Мир, который удовлетворяет, не нуждается в Мастере, потому что Мастер — это переделка, переустройство, обновление мира. А зачем переделывать и обновлять то, что доставляет наслаждение? В известном и вечном совете „раздать имение“ бедным скрыт не только чисто моральный, но и глубоко философский смысл. Только „раздав имение“, можно стать творческой личностью, личностью, которая, не довольствуясь „семью днями творения“, участвует в „восьмом“. Леонардо, быть может, и стал одним из великих мастеров этого „восьмого дня“».
Как человека строгого склада ума Павлинова не может не волновать методология познания. И тут он высказывает мысли, на мой взгляд, совсем небезынтересные.
«Надо найти, — пишет он, — в вещи, которая тебя занимает, самоопровержение и через него понять самую суть явления, или человека, или эпохи. Найти самоопровержение. Именно в этом — методологический ключ к „тайне вещи“. Самоопровержением Ренессанса был Савонарола».
Савонарола был одной из самых загадочных и трагических фигур Ренессанса. Обрисовать его в нескольких строках было бы несерьезно. Но чтобы соображение Павлинова стало понятным, отмечу лишь, что Савонарола и его сторонники в тот век, перенасыщенный красотой, порой видели в ней антитезу добра, которое непритязательно, скромно и даже «некрасиво», и устраивали (о чем я уже мельком писал) аутодафе, вошедшие в историю под оригинальным названием «костры сует»; на этих кострах они уничтожали и атрибуты роскоши, и, к сожалению, работы больших художников.

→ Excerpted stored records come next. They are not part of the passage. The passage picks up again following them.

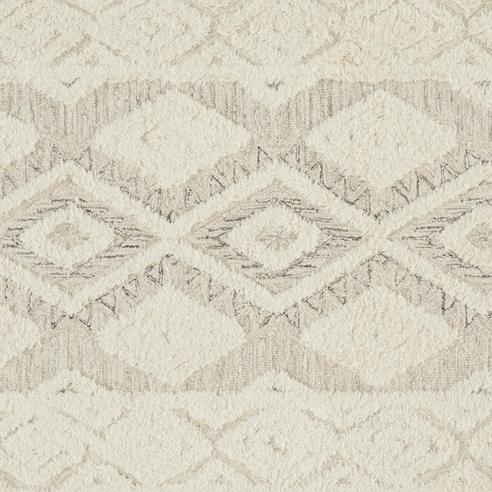 Add some artistry to your room with this 12' x 15' ivory taupe and gray wool geometric tufted handmade area rug. This rectangle shaped rug features a geometric design in ivory taupe and gray to give it visual interest. A classic shape marries with good looking design for your space Place this area rug against a hardwood or tile floor and it will enliven your living space with style and sophistication. 0.5" H x 144" W x 180" D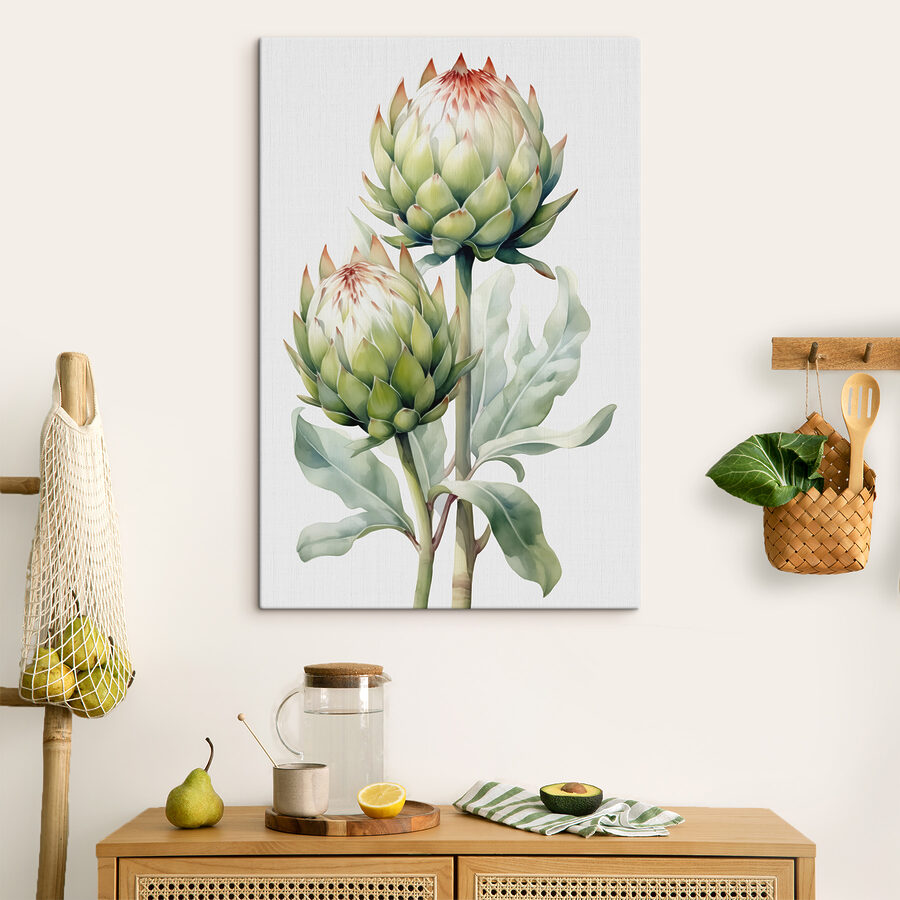 Poznaj “Obraz Twin Artichokes Basking in Harmony” – zachwycający wybuch natury, który tańczy w twoim sercu. Wyobraź sobie te dwa dziwaczne karczochy prowadzące przytulną rozmowę w akwareli! Ten obraz, z jego miękką zielenią i szeptami ciepła, dodaje odrobinę kaprysu do każdej przestrzeni. Wyobraź go sobie w swojej kuchni, wywołując radość i być może ochotę na coś pysznego. Jest jak łagodny przyjaciel, bez wysiłku podnoszący pomieszczenie urokiem natury. Idealny dla tych, którzy kochają odrobinę osobowości i ukłon w stronę nieoczekiwanego.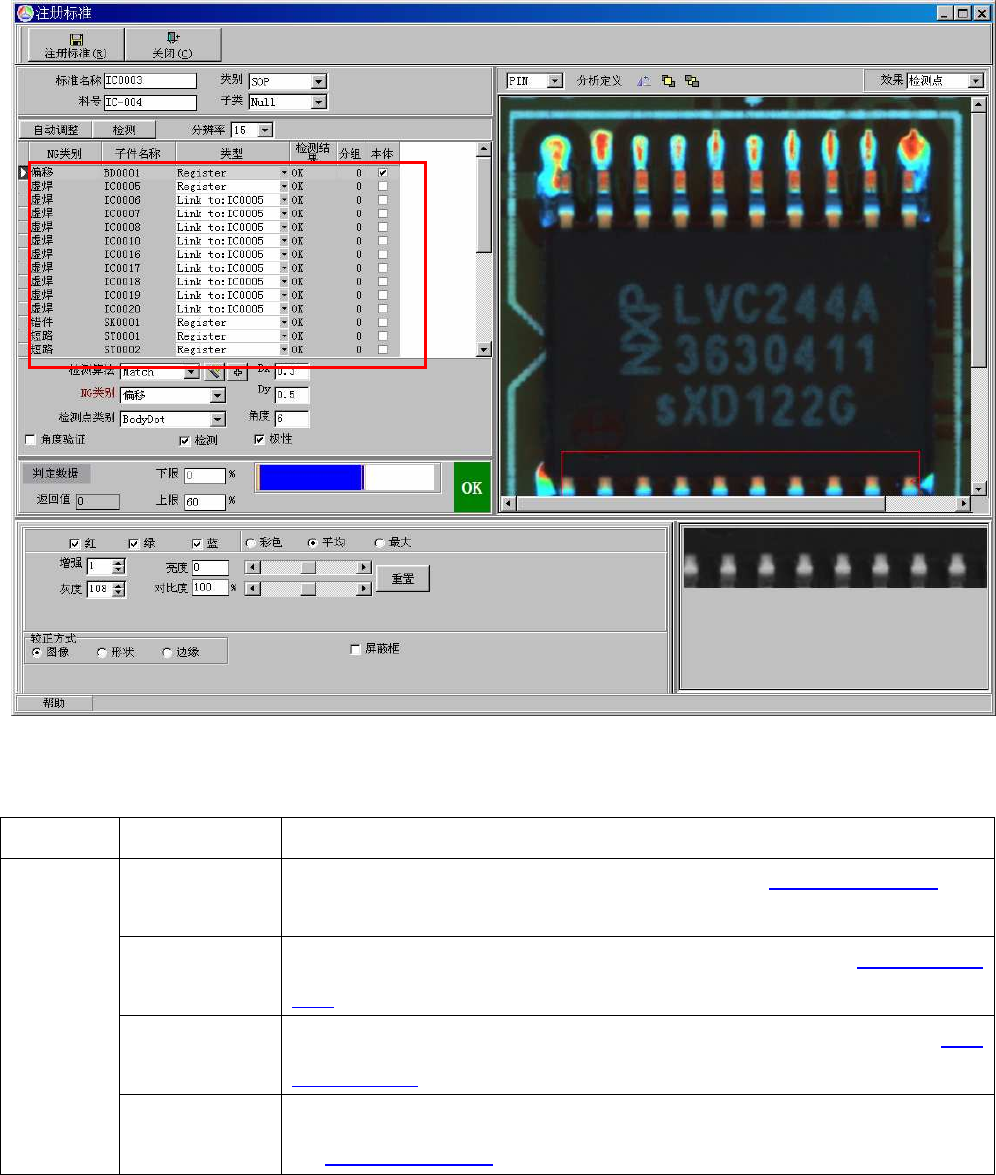 如上图①中为极 性二脚件 的所有检测项。 其注册与调试如 下: 元件类型 元件类型 元件类型 元件类型 检测项 检测项 检测 项 检测项 说明 说明 说明 说明 本体框 本体框的作用是 用于定位 、偏 移。 其注册与调试见 < 炉后的基本 检测项 > 中 < 偏移 > 中采用“ M atch ”算法的“偏移 ”算法。 少锡框 少锡框的作用是 用于检测 焊点的爬锡状况 。 其注册与调试见 < 炉后的基 本检 …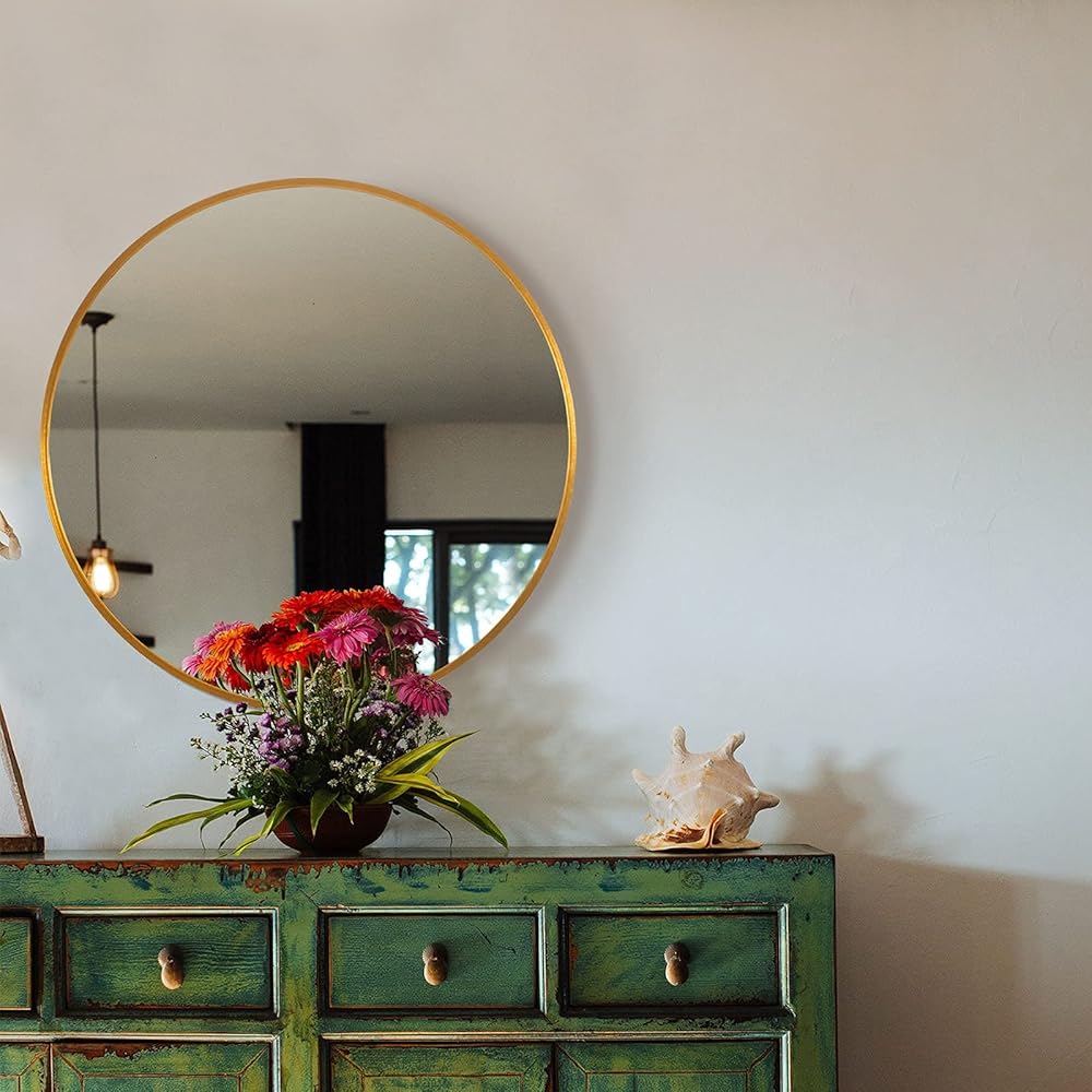 MIRUO Round Mirror 20 inch Circle Mirrors for Wall Mounted Decorative for Bathroom, Bedroom, Entryway Décor, Aluminum Alloy Thin Frame (20'', Gold)

Дальнейшая запись относилась уже не к Ренессансу, а, видимо, к сегодняшнему дню и какому-то личному моменту в жизни самого автора тетрадей.
«Человек может вдруг вспомнить все — в миг величайшего подъема духа и радости или в миг, когда его жизни угрожает опасность, в последний миг. Он может вспомнить все перед восхождением и перед нисхождением, перед высшим бытием и перед небытием. Два синтеза. Один, условно говоря, оптимистический, второй — пессимистический. Ощущение огромного богатства в момент творчества новых форм бытия и в момент разрушения всех форм и самого бытия».